Some days are a wasteland of intention. Other days are an intentional wasteland. Such was yesterday, a full day of emptiness, a complete day of incompletion, a planned day of unplanning. It was that kind of day, where waking at noon seemed like the right thing to to, where coffee in bed provided to me by a more than generous Katherine was a wonderfully slow awakening, where nothing was the highest achievement of my morning.
The rest of the day moved on like that. We breakfasted at lunch. We wandered out to the lobby in a vain attempt to connect to the non-functioning Internet. We struggled with a couple of rum overloaded Pina Coladas while we discussed our non-plan for the day. Do we go to the beach? Do we struggle with the sand between the end of the walkway and the palapas surely beckoning us? Do we go instead to our room, sitting on the patio and hurtling comments at the passers by? Such indecisiveness. Such glory.
The beach won, sort of. We were unsure how to get my sorry ass over the sand, the way to the beach bar causing us to transit the sand dune between ourselves and the beach. Beyond the dune lay a passage of sand, much to much for me and Katherine. Instead we spoke to the hotel staff, where two rather sturdy young men muscled me down across the sand to a shaded palapa immediately adjacent to the purveyor of Pina Coladas on the beach.
With some effort I managed to transfer to a beach bench, slung out low across the sand, back rest perfectly adjusted by Katherine.

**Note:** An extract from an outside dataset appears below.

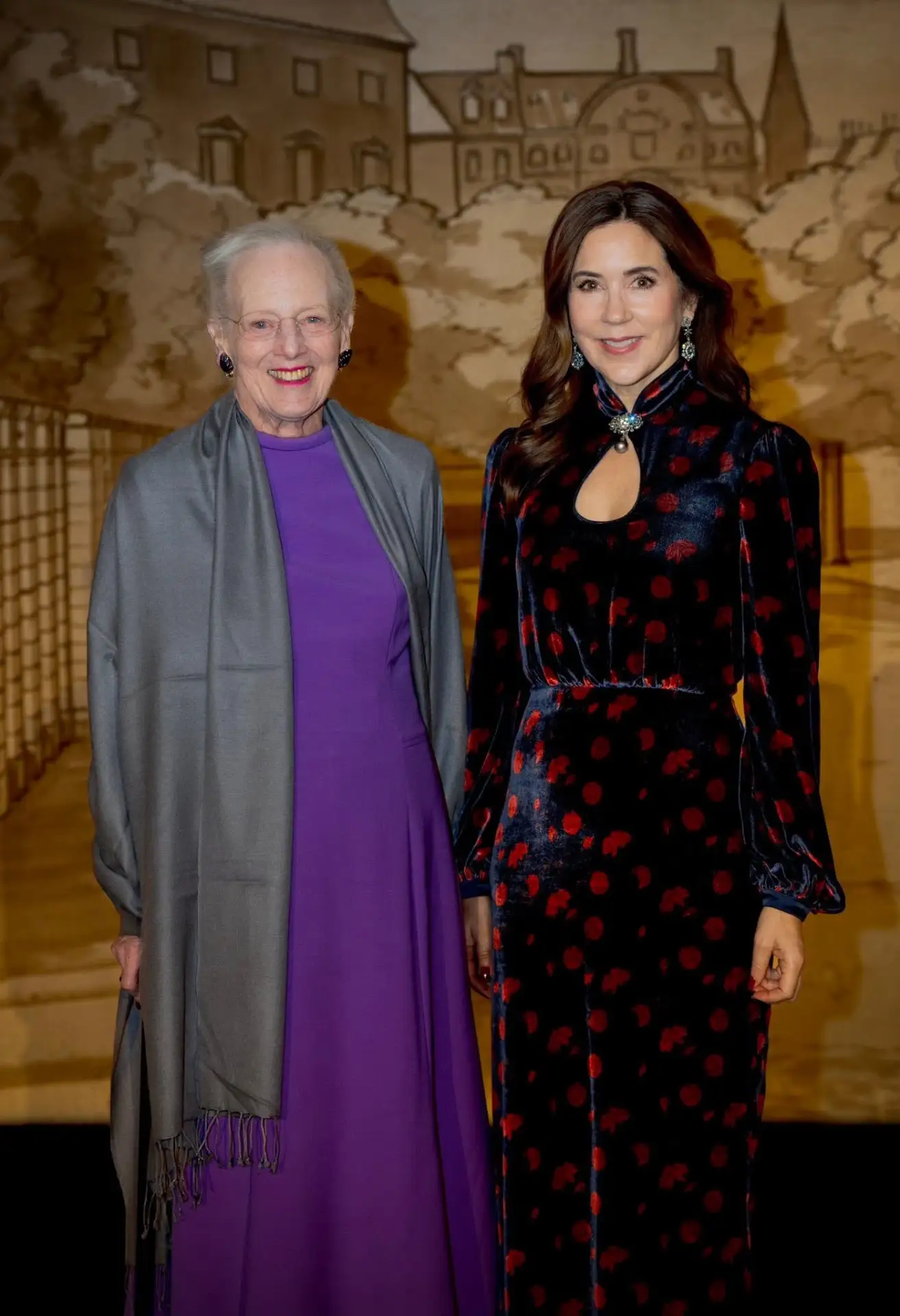 Вечер включал в себя праздничную программу, которая перенесла зрителей в путешествие по более чем 250-летней истории театра. После представления Мэри и Маргрете посетили новую выставку Придворного театра под названием "Театр во времени: 300 лет".

My task, while she explored the warmth of the Caribbean Sea, was to holler for drinks and read my book. I managed, just barely. There we wasted the better part of the afternoon, I positioned so perfectly as to not have to move one iota as the sun slowly slid across the cloud spattered sky. One Pina Colada. Two. Three. Four. All of them seemingly growing stouter as the afternoon wandered on.
Then it hit me. I cannot drink endlessly while sitting on the beach. At some point, nature and my body will demand release from containment, not just of my body, but of my bladder too. Now what? Here I am, trapped in my beach chair, several drinks into a lazy afternoon, desparate to do that which I must do. I had to go. At this point three strapping young men from the hotel lifted me bodily into my chair and dragged me back to solid ground.
A short wheel later and I was ready for relief. I expressed to Katherine the importance of this need, to which she replied "I know. I went into the ocean twice." She left to my imagination what she did therein. After a bit of rest, dinner called. We went to the buffet hall and settled in to a surfeit of whatever.
In the midst of all of our food, one of the hotel staff found me, telling me that we had 8:30 PM reservations in the Lighthouse for a seafood dinner. Katherine was pleased. She was still in her beach pants. I was also pleased. I get to eat two dinners in one night. I may be struggling with the wheelchair here, but at least I am eating well.
Today will be a day of adventure as we wander through rural Cuba, our guides attempting to show us a side of their country most don't see. It's an early start, 7:00 AM, and a full day, with a return at 7:00 PM or so. We will be watched; we know that. We don't care. It's another day where we aren't doing the planning. Someone else will do that for us.